Predominantly plate glass fixed pane glazing with coloured glass margins. Graded grey slates. Raised skews; skewputts.
INTERIOR: white painted interior with fine open-timber roof, with elaborate crossing formation with hanging pendant. Dado-height timber boarding and timber pews, Communion table and pulpit. Stained glass window by Gordon Webster, 1928 depicting Christ as Lord of All. 6-panelled timber doors.

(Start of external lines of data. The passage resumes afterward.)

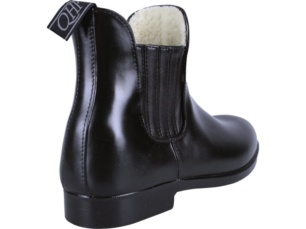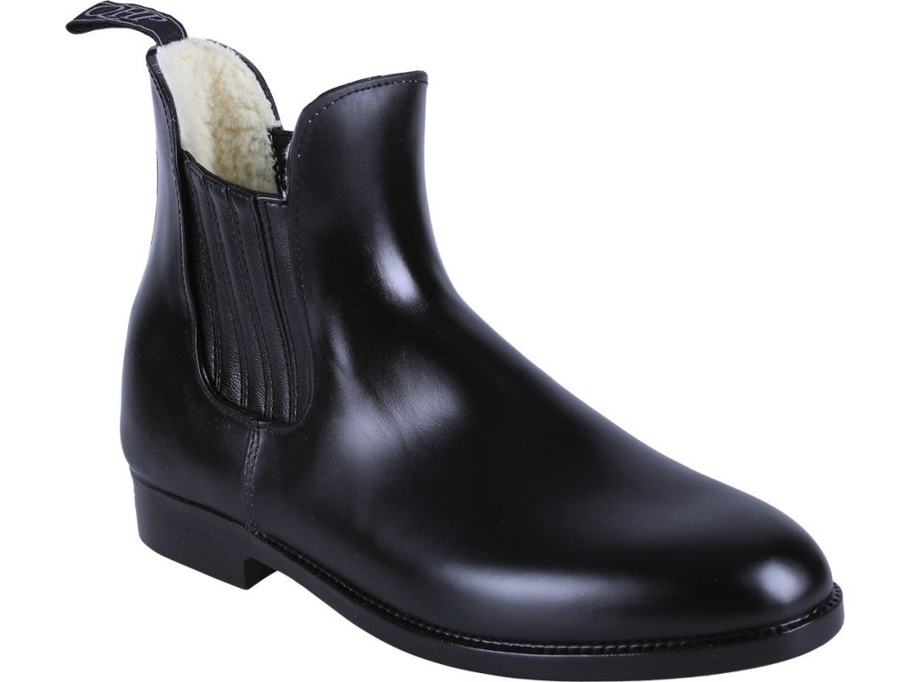 Wygodne zimowe sztyblety jodhpur, idealnie nadające się na chłodną zimową pogodę. Wykonane z gumy, co zapewnia wodoodporność. Wnętrze butów jest wyściełane ciepłym sztucznym futrem. Boczna elastyczna wstawka pokryta sztuczną skórą, zapewniająca ochronę przed zimnem i wiatrem. Elastyczna wstawka wraz z pętelką z tyłu ułatwia zakładanie. W kolorze czarnym.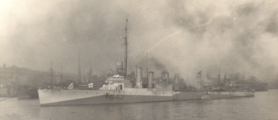 (RAS098) HNoMS LINCOLN G42 at St. John's, Newfoundland From the collection of Ross Somerville, Leading Coder, RCNVR Courtesy of Kathy Somerville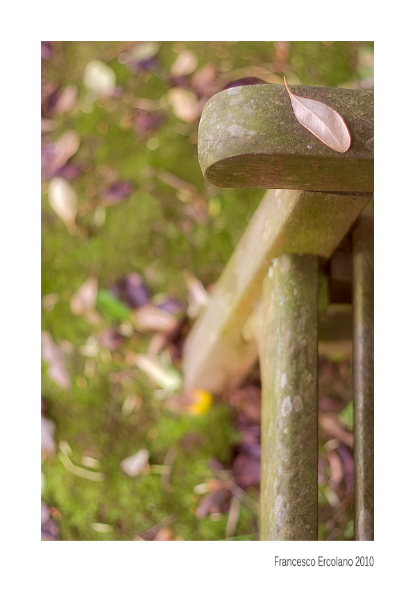Le irregolarità del boken del cinquantino, diventano in questa occasione specifica quasi un pezzo forte per la immagine. Tutto nella scena è incerto sullo sfondo, irregolare, forse un po' caotico; come ben nota Sisto, lo sguardo è come obbligato a vagare, con un filo di spiazzamento, fra le cose. Poi trova nel rosa incredibile, setoso, di una nitidissima foglia, e il suo approdo sereno. Una certezza visiva, nel caos delizioso della composizione. Così precaria nel suo giacere sul poggiabraccia: basterebbe un filo di vento... e la sua rivoluzione rientrerebbe nei ranghi. Ma è bello vederla così, ferma nel fotogramma, talmente viva la sua tessitura, che pare di poterla accarezzare con mano....
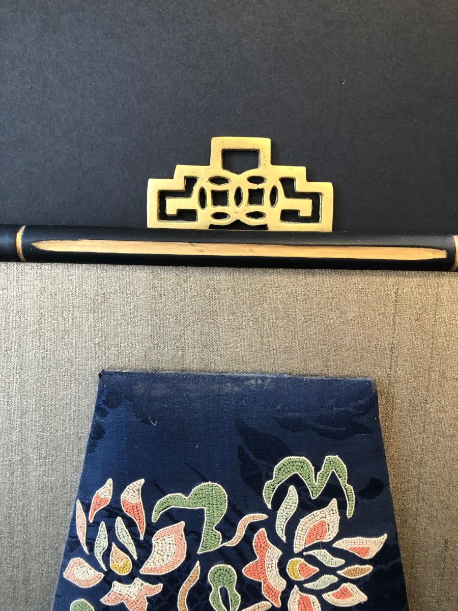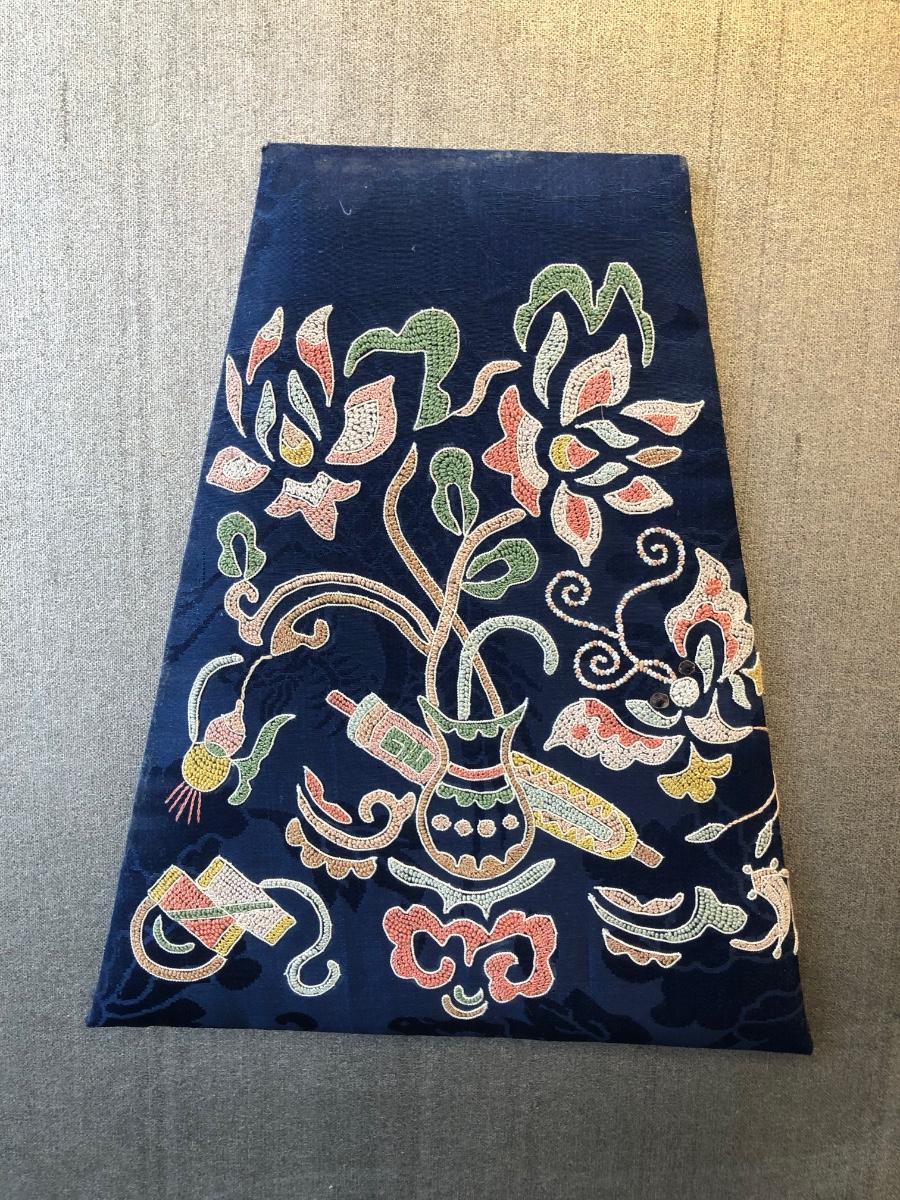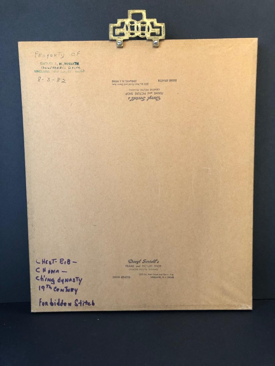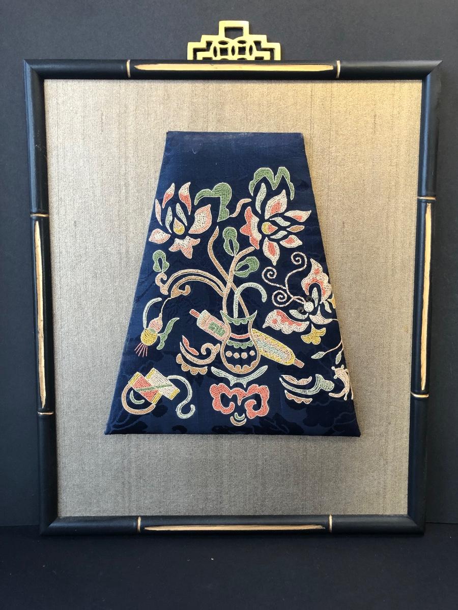 Also includes two framed bird prints, a small clock, a white and floral serving tray. The chest bib is labeled as being from the Ching dynasty in the 19th century and made with the "forbidden stitch."

CHURCHYARD: surrounds church. Contains a variety of 17th, 18th and 19th century gravestones including rare, civic Crimean War Memorial, circa 1856. Some 18th century stones with carvings of memento mori, including angel heads, skulls and plants. Number of table stones, including 18th century memorial to Covenanter, Robert Grierson. Further 18th and 19th century carved stones, obelisks and Celtic crosses. 1840 statue of Old Mortality by John Corrie set within boundary walls (see Notes).
CRIMEAN WAR MEMORIAL: square-plan, red sandstone Memorial with base course, cornice and gabled capping stone. Inscription to each face commemorates 5 local men.. Carvings to the capstone include cannon, rifle, crossed swords and cannon balls.
BOUNDARY WALLS: Coped rubble walls surround churchyard.
Statement of Special Interest
This 18th and 19th century church with its associated churchyard is situated on a small hill within the village of Balmaclellan and is an important part of the landscape. The churchyard in particular is notable for its diversity of 18th and 19th century gravestones and the inclusion of a rare, civic Crimean War Memorial. The church is of a simple T-plan and has some decorative details in the crosses, bellcote and corbelled eaves. There are a number of notable examples of carved memento mori on the 18th century stones within the churchyard.
The simply designed Crimean War Memorial is rare monument, thought to be the only one of its type in Scotland. It commemorates five local men who died in the War. Civic commemoration like this only became popular after the First World War. Before this, most war memorials were dedicated either to individual men, erected by their families, or to regiments. Other gravestones in the churchyard include the tombstone of a Covenanter, Robert Grierson and the tombstone of Robert Paterson, a local stone carver, immortalised by Sir Walter Scott as Old Mortality. A statue of Robert Paterson with his pony, carved by a local sculptor, John Corrie, is set within the boundary walls of the churchyard. Dating from 1840, it was moved to this site in 2000.
A church is thought to have been on this site since the 15th century, but the main body of this church was built in 1753 with the North aisle being added in 1833 by the local builder-architect, William McCandlish (circa 1779-1855). The bellcote is also likely to be from this period. In 1886 the slightly advanced gable centre and projecting vestry were added to the South elevation, as were the corbelled eaves and the round-arched windows.
Gordon Webster (1908-87) was the son of the well known stained-glass artist, Arthur Webster was killed in the First World War. Gordon worked from his studio in Glasgow and produced stained glass windows for many of Scotland's churches.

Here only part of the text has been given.